▸ REQUIRED WORK
If a record contains a picture, leave the picture out and transcribe everything else exactly.
[[ RECORDS FOR THIS TASK, beginning ]]
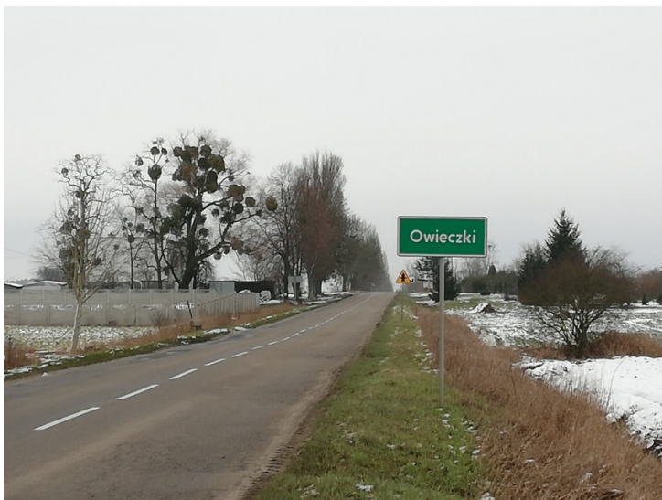
Zdjęcie nr 1 – Wjazd do miejscowości
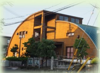
あかしあ台コミュニティハウス (あかしあ台1丁目)

あかしあ台のコミュニティは、自治会員の班委員や役員のボランティア活動と会費で支えられています。自治会未入会のみなさまはぜひ加入をお願いします。
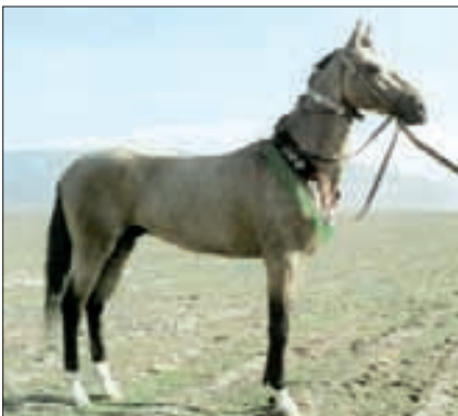
Achal-Teke-Hengst «Musur», geboren 1988 in Turkmenien.
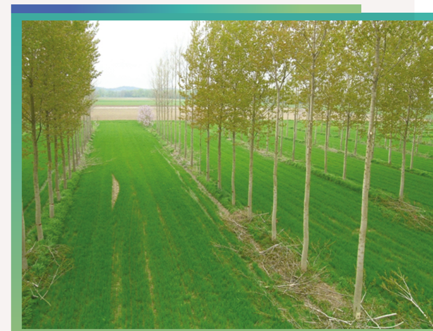
System rolno-leśny z topolami we Francji.
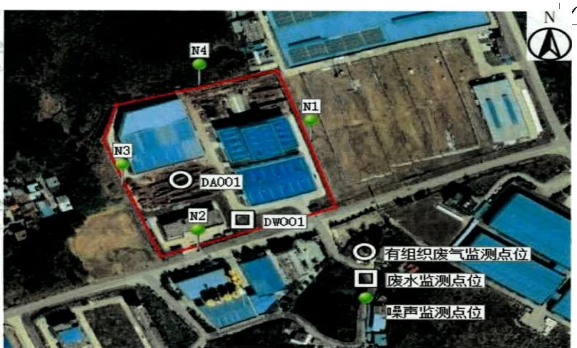
附图 5 验收监测点位图
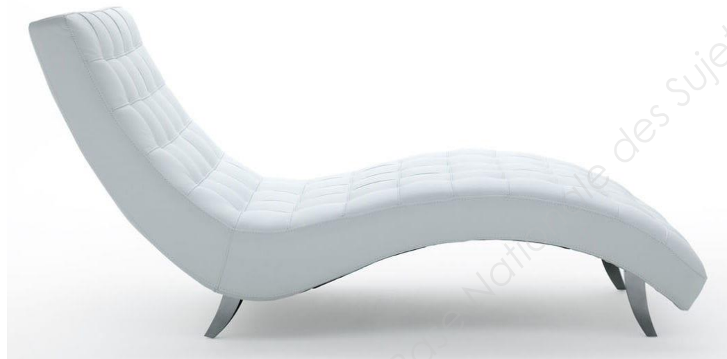
Archiexpo méridienne contemporaine « Ginger »

Sanglage élastique Garniture mousse Hauteur des côtés du fût : 10 cm Couverture passepoilée haut et bas Matelassage du plateau selon le dessin technique Jaconas et dos extérieur assemblés machine
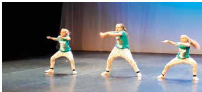
Dziewczyny wytańczyły udział w Finale w Hiszpanii
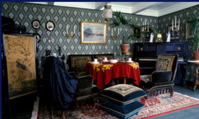
Den rekonstruerte Klunkestua i Perspektivet Museum – Folkeparken, Tromsø.
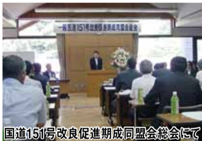
国道151号改良促進期成同盟会総会にて

県議会の代表としてお招きいただいた会合やイベント等に議長と手分けして出席し、お祝いや激励の言葉を述べています。特に、リニアや三遠南信の総会など、南信地域に関わりの深いものは極力出席するようにしています。
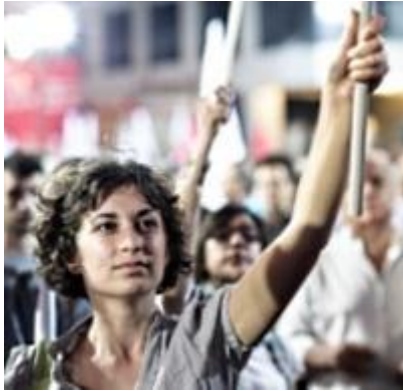
D. Seitz, o.T., 2012 (Detail)

Apulische Kulturtage im Museum Europäischer Kulturen werden am Sonntag, dem 5. August 2012, 16:00 Uhr - 22:00 Uhr bei freiem Eintritt eröffnet. Es gibt Live Musik griechischer Musiktraditionen aus Apulien mit der Gruppe Ghetonia und Tanz-Performance mit "TarantaScalza". Ghetonia ist eine Musikgruppe aus der Grecia Salentina in Apulien, einer Gegend mit einer seit der Antike dort angesiedelten griechischen Minderheit. Es werden apulische Spezialitäten von Berliner Gastronomen angeboten. Veranstaltungsort: Garten des Museums, Arnimallee 25 in Berlin-Dahlem. Bis zum 26. August 2012 gibt es Führungen durch die Ausstellung "Erkundungen", Filme, Vorträge, Exkursionen, Tanzworkshops und Musik.
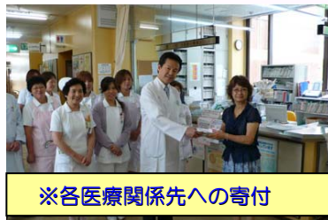
※各医療関係先への寄付
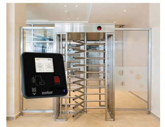
Terminal for access control
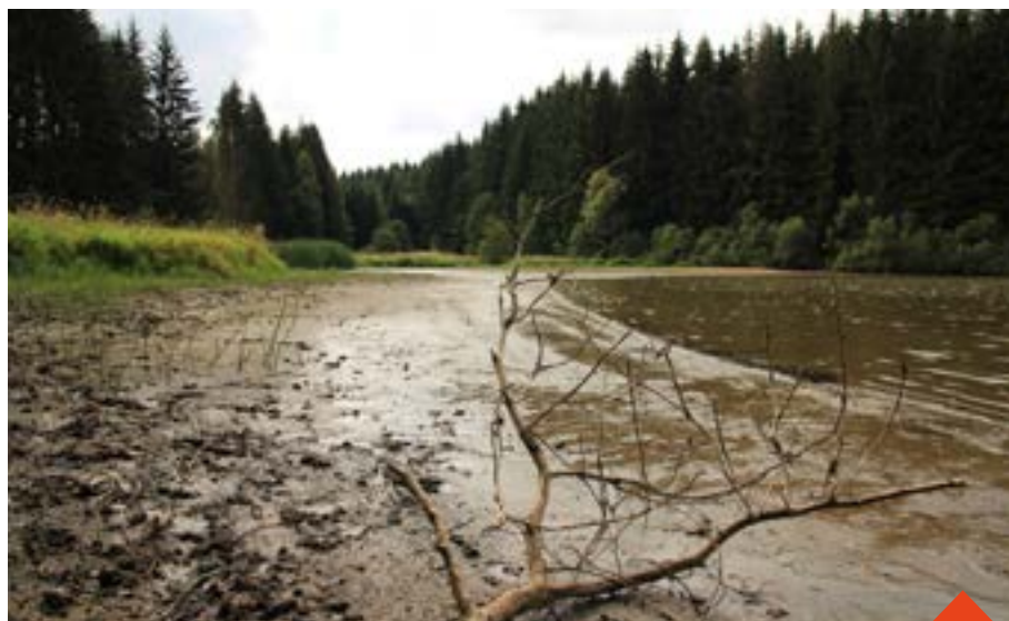
Vyschlé břehy u nádrže Staviště.
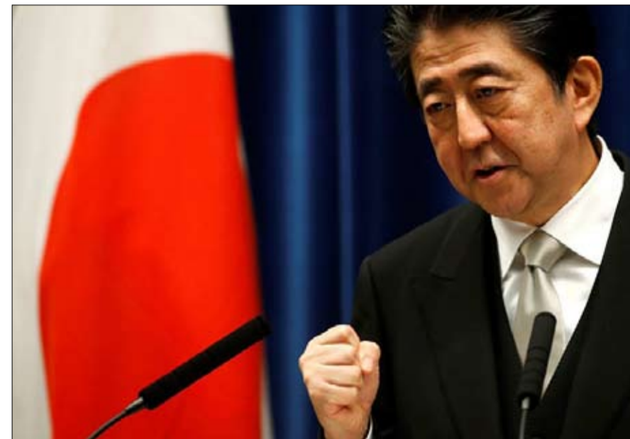
شينزو ابي يقدم حلا مغيبرا
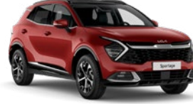
Manyetik Kırmızı (AA9)
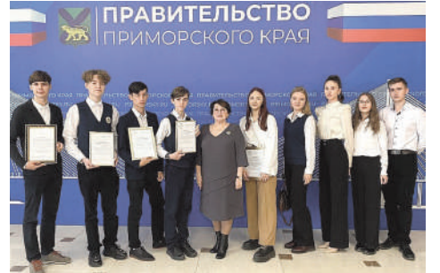
Учащиеся-победители Всероссийской детской творческой школы-конкурса «Портрет твоего края» и сенатор от Приморского края Людмила Талабаева

«Участие в таких конкурсах, размышления о судьбах страны и своей малой родине помогают формировать у подрастающего поколения правильные жизненные ориентиры», — сказала сенатор.
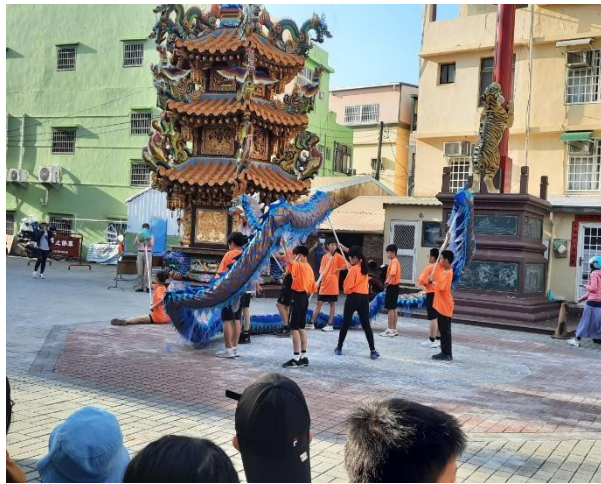
說明：校慶踩街定點表演
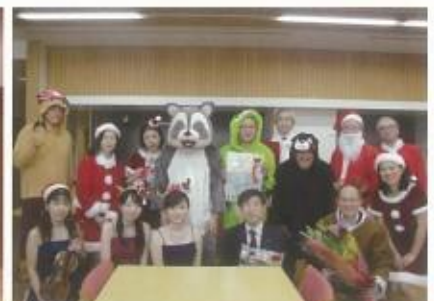
京都市立北総合支援学校にて 第3回橘音楽祭を開催
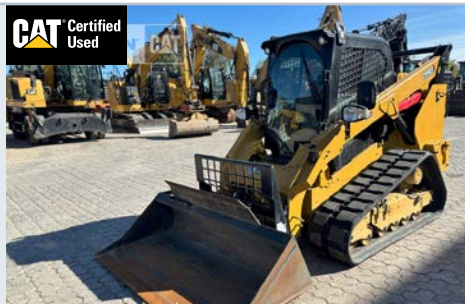
Cat Kompaktlader 289D Serien-Nr. BT900861 | Hamburg
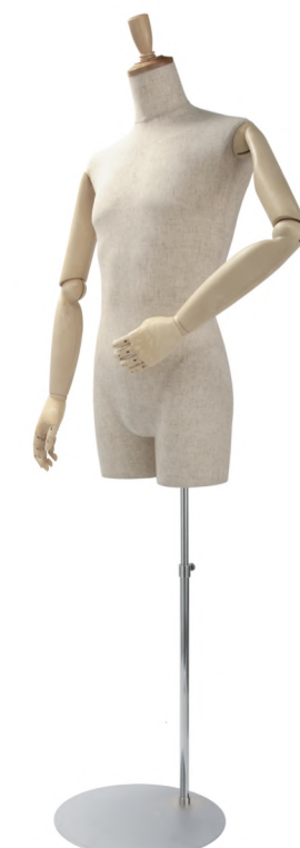
SGB007P-1C 芯地 Arm: SK0010-2 Head: H-57 クリア Base: 専用丸スタンド 高さ: 90 B: 94 W: 75 H: 91 肩幅 54.5
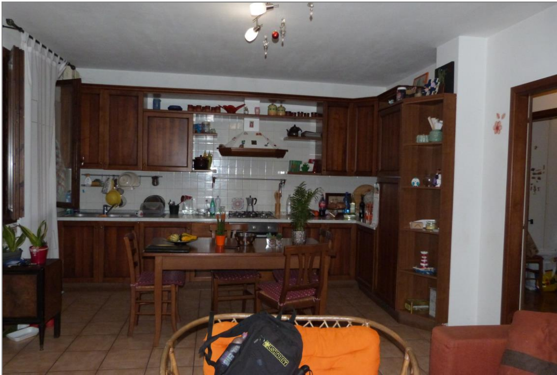
7 Parte del vano ad uso atrio-soggiorno-cottura dell'appartamento.
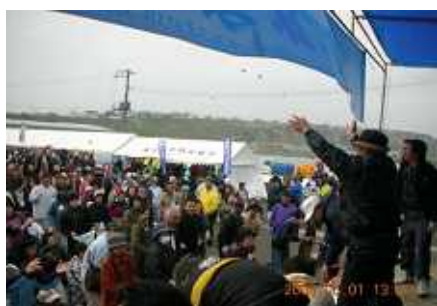
昨年の「おちいし味まつり」

4月17日、「第1回マリンビジョン協議会」「第1回おちいし・味まつり実行委員会」の合同会議を開催しました。協議会では、平成21年度の取組みを決め、昨年度大盛況だった「落石地区浜松フットパス」を6月27日に開催することになりました。開催に合わせて、フットパスコースの整備や準備に励んでいます。
[[ RECORDS FOR THIS TASK, end ]]
▸ EXERCISE ANSWER
Zdjęcie nr 1 – Wjazd do miejscowości
あかしあ台コミュニティハウス (あかしあ台1丁目)

あかしあ台のコミュニティは、自治会員の班委員や役員のボランティア活動と会費で支えられています。自治会未入会のみなさまはぜひ加入をお願いします。
Achal-Teke-Hengst «Musur», geboren 1988 in Turkmenien.
System rolno-leśny z topolami we Francji.
附图 5 验收监测点位图
Archiexpo méridienne contemporaine « Ginger »

Sanglage élastique Garniture mousse Hauteur des côtés du fût : 10 cm Couverture passepoilée haut et bas Matelassage du plateau selon le dessin technique Jaconas et dos extérieur assemblés machine
Dziewczyny wytańczyły udział w Finale w Hiszpanii
Den rekonstruerte Klunkestua i Perspektivet Museum – Folkeparken, Tromsø.
国道151号改良促進期成同盟会総会にて

県議会の代表としてお招きいただいた会合やイベント等に議長と手分けして出席し、お祝いや激励の言葉を述べています。特に、リニアや三遠南信の総会など、南信地域に関わりの深いものは極力出席するようにしています。
D. Seitz, o.T., 2012 (Detail)

Apulische Kulturtage im Museum Europäischer Kulturen werden am Sonntag, dem 5. August 2012, 16:00 Uhr - 22:00 Uhr bei freiem Eintritt eröffnet. Es gibt Live Musik griechischer Musiktraditionen aus Apulien mit der Gruppe Ghetonia und Tanz-Performance mit "TarantaScalza". Ghetonia ist eine Musikgruppe aus der Grecia Salentina in Apulien, einer Gegend mit einer seit der Antike dort angesiedelten griechischen Minderheit. Es werden apulische Spezialitäten von Berliner Gastronomen angeboten. Veranstaltungsort: Garten des Museums, Arnimallee 25 in Berlin-Dahlem. Bis zum 26. August 2012 gibt es Führungen durch die Ausstellung "Erkundungen", Filme, Vorträge, Exkursionen, Tanzworkshops und Musik.
※各医療関係先への寄付
Terminal for access control
Vyschlé břehy u nádrže Staviště.
شينزو ابي يقدم حلا مغيبرا
Manyetik Kırmızı (AA9)
Учащиеся-победители Всероссийской детской творческой школы-конкурса «Портрет твоего края» и сенатор от Приморского края Людмила Талабаева

«Участие в таких конкурсах, размышления о судьбах страны и своей малой родине помогают формировать у подрастающего поколения правильные жизненные ориентиры», — сказала сенатор.
說明：校慶踩街定點表演
京都市立北総合支援学校にて 第3回橘音楽祭を開催
Cat Kompaktlader 289D Serien-Nr. BT900861 | Hamburg
SGB007P-1C 芯地 Arm: SK0010-2 Head: H-57 クリア Base: 専用丸スタンド 高さ: 90 B: 94 W: 75 H: 91 肩幅 54.5
7 Parte del vano ad uso atrio-soggiorno-cottura dell'appartamento.
昨年の「おちいし味まつり」

4月17日、「第1回マリンビジョン協議会」「第1回おちいし・味まつり実行委員会」の合同会議を開催しました。協議会では、平成21年度の取組みを決め、昨年度大盛況だった「落石地区浜松フットパス」を6月27日に開催することになりました。開催に合わせて、フットパスコースの整備や準備に励んでいます。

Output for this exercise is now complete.